While the manufacturer had compared the Xiapex injection to a surgical treatment, partial fasciectomy (PF), IQWiG for its assessment established six subgroups of patients according to the severity of the disease and chose three different treatment options as comparator: no therapy, percutaneous needle fasciectomy (PNF) and partial fasciectomy (PF). As a result, IQWiG was able to state that Pfizer did not provide evaluable data because the company’s selected comparators differed from IQWiG’s comparators for all but one patient subgroup.
In the case of Eisai’s breast cancer drug Halaven eribulin, IQWiG’s verdict ruled that it could not find evidence for eribulin resulting in a prolonged life expectancy. IQWiG added that Halaven might provide an overall survival benefit for patients for whom taxanes or anthracyclines are no longer an option, but it was unclear whether the benefit was significant. Again, the assessment was made by subdividing the patient group. IQWig defined two subpopulations – one for which an additional anthracycline or taxane treatment was thought to be an option and one for which this was not.
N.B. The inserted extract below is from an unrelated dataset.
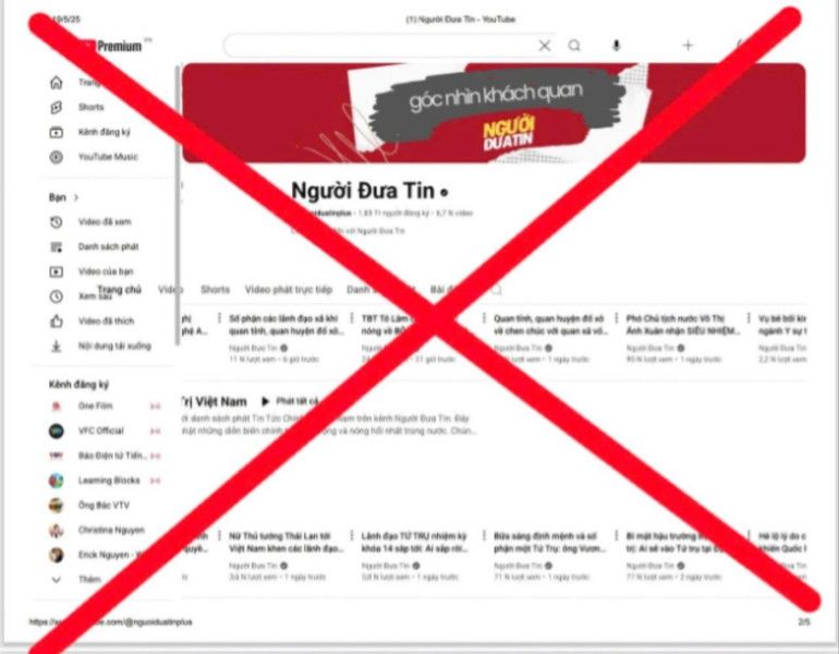YouTube channel "Nguoi Dua Tin" publishing more than 6,700 videos distorting organizations and individuals in the political system discovered by the police in early June.

Eisai, in contrast, had compared Halaven to a “Treatment of Physician’s Choice” (TPC) as there are no established national or international treatment guidelines for a standard therapy of women with metastatic or locally advanced breast cancer after failure of two standard chemotherapies including an anthracycline or taxane. This design of Eisai’s EMBRACE was established in discussions with the European Medicine’s Agency (EMA). Being a European study, the participating physicians sometimes opted for therapies not approved in Germany – a reason for IQWiG to not include these data in its assessment. As a result, only 69% of the EMBRACE study patients were regarded as suitable for an assessment.
The same approach was taken in the assessment of Novartis’ Gilenya fingolimod, the first oral treatment for Multiple Sclerosis (MS) approved in 2011. IQWiG once again performed separate assessments of the drug in three groups of patients, choosing three different comparators. Following this operation, IQWiG was able to find data only for one of these subgroups in the study, not enough to establish an additional benefit with sufficient statistical significance. However, one of the comparisons chosen by IQWiG – fingolimod against glatiramer acetate in patients with relapsing/remitting MS – would have been impossible as fingolimod is approved as second-line therapy in this indication while there are no studies of glatiramer acetate differentiating between first-line and second-line treatments.
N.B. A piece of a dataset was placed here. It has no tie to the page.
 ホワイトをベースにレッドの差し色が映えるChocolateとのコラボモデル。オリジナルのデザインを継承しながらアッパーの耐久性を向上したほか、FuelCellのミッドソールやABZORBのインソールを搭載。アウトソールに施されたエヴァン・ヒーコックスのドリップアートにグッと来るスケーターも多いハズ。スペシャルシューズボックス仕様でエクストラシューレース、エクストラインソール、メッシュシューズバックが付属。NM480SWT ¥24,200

In all cases, manufacturers may respond to the assessment, after which the Federal Joint Committee (G-BA) will review IQWiG’s recommendation before making a final decision. If G-BA deviates from IQWiG’s negative assessment, the manufacturers have to negotiate the price with the Statutory Health Insurance Funds Association (GKV-Spitzenverband) under the AMNOG pricing scheme. If G-BA agrees with the IQWiG assessment that a drug has no clinical benefit beyond available treatments, the drug will be added to the reference pricing system, which gives the same base price to all comparable drugs in the respective therapeutic group.